BUDAPEST: Central Europe's most liquid currencies and some of its government bonds firmed on Monday after efforts to form an Italian government with a eurosceptic economy minister collapsed over the weekend, which was seen as market-positive.
The zloty gained 0.3 percent to 4.2967 per euro by 0840 GMT, breaking through the 4.3 line, while the forint gained 0.1 percent to 318.90.
The Italian developments gave some support in early trade to the euro against the dollar, a cross that is being closely watched in the European Union's eastern markets after a sell-off this month driven by a rally in the dollar and US debt yields.
The region's main currencies continue to trade near multi-month lows and regional markets remain fragile, market participants said, with the euro retreating after initial gains behind the 1.7 line against the dollar.
Regional stock markets were mixed.
"It is possible that the relief will be fragile as after the Italians, storm clouds are gathering around the Spanish government as well," Erste analysts said in a note.
Spanish Prime Minister Mariano Rajoy could face a no-confidence vote in Parliament.

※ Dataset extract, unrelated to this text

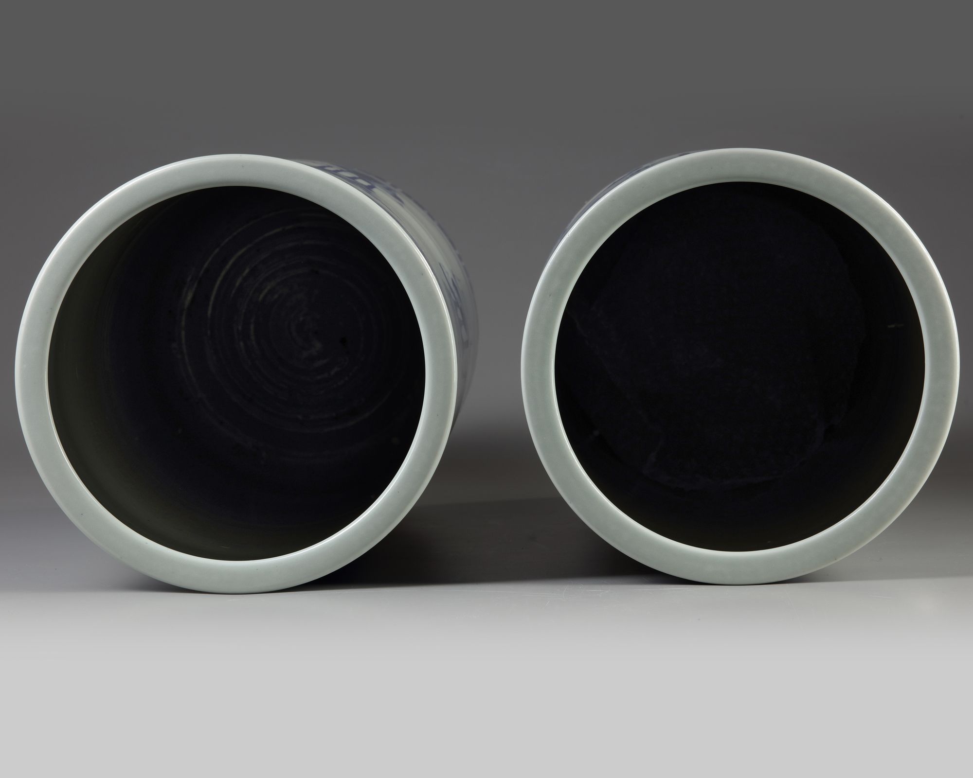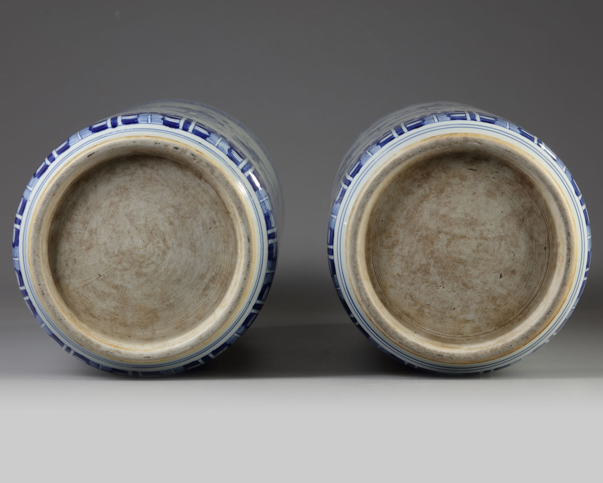 The two stands are decorated to the sides with a continuous scene of ladies at play on musical instruments amongst precious objects on stands ,ruyi sceptres and butterflies. All between a broad band of Fu bats amongst clouds and a key fret chain to the rim and a petal border to the base.

Poland's 10-year government bond yield dropped 2 basis points to 3.175, while Hungarian bond yields were flat.
"With populist parties so strong in Italy, I do not know what a new election could help there," one Budapest-based fixed income trader said.
Hungary's government bond market, a big regional outperformer in the past year, has taken the worst hit from this month's emerging market sell-off.
Last week's retreat in Hungarian yields may continue, and the forint could drift further off 23-month lows versus the euro, if the dollar does not resume its rally, dealers and analysts said.
Polish bonds continued to recover.
May inflation figures for Poland on Wednesday could show a rise in the annual rate from 1.6 percent in April, but the figures are unlikely to change the bank's stance of keeping monetary conditions loose, analysts said.
A retreat in global crude prices is helping keep inflation expectations moderate, they said.
The Czech crown, often more heavily influenced by expectations for the timing and size of central bank (CNB) rate tightening than global factors, eased 0.1 percent against the euro.
It gave up some ground after a rise on Friday when CNB Governor Jiri Rusnok said its weakness may bring forward the next interest rate hike.
The leu, a currency more closely managed by the central bank than its main regional peers, eased slightly in international trade, with Romanian markets closed for holiday.